AMS 556, Dynamic Programming
Stochastic and deterministic multistage optimization problems. Stochastic path problems.
Principle of optimality. Recursive and functional equations. Method of successive
approximations and policy iteration. Applications to finance, economics, inventory
control, maintenance, inspection, and replacement problems.
Prerequisite: AMS 507
3 credits, ABCF grading
Text: Lecture Notes available on Brightspace
Fall Semester
Learning Outcomes:
1) Understanding of finite-horizon dynamic programming problems and general principles
of sequential optimization:
* Being able to formulate dynamic programming problems;
* Understanding of definitions of various classes of policies;
* Familiarity with definitions of optimal and nearly optimal policies;
* Knowledge of basic transformation and representation methods such as equivalence
of general and memoryless policies, equivalence of randomized and mixed policies,
and sufficiency of pure Markov policies;
* Understanding of the principle of optimality and optimality equations.
2) Demonstrate abilities to analyze infinite-horizon problems with total reward criteria:
* Formulate properties of positive, negative, discounted, and convergent dynamic
programming models;
* Being able to formulate necessary and sufficient conditions for optimality;
* Ability to solve problems by using value iterations and linear programming;
* Ability to produce numerical solutions by using PCs.

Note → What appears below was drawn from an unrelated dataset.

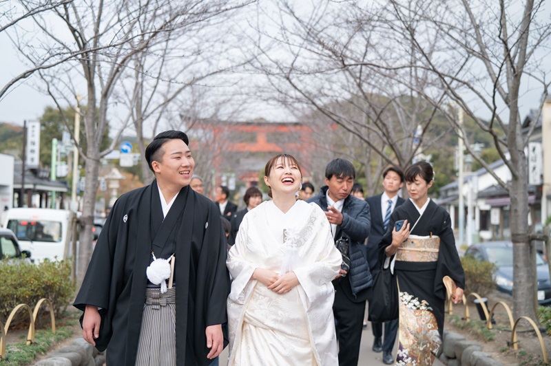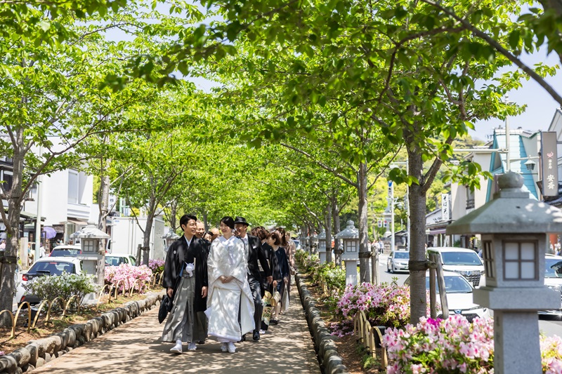 鶴岡八幡宮での挙式後には、おふたりとご家族の皆様で鶴岡八幡宮の象徴的な石畳の道「段葛」をゆっくりと歩いてKOTOWA 鎌倉 鶴ヶ岡会館までお戻りになれます。

3) Demonstrate abilities to analyze infinite-horizon problems with average-reward
criteria:
* Solving problems with finite state and action sets by using linear programming
and policy iteration methods;
* Analyzing problems with infinite-state spaces;
* Knowledge of optimality equations and inequalities;
* Solving problems with multiple criteria and constraints by linear programming.
4) Being familiar with major application areas:
* Modeling and optimization of production and service operations including inventory
and queueing control;
* Applications to quantitative finance;
* Statistical applications (multi-armed bandits and optimal selection);
* Neuro-dynamic programming and other methods for approximations.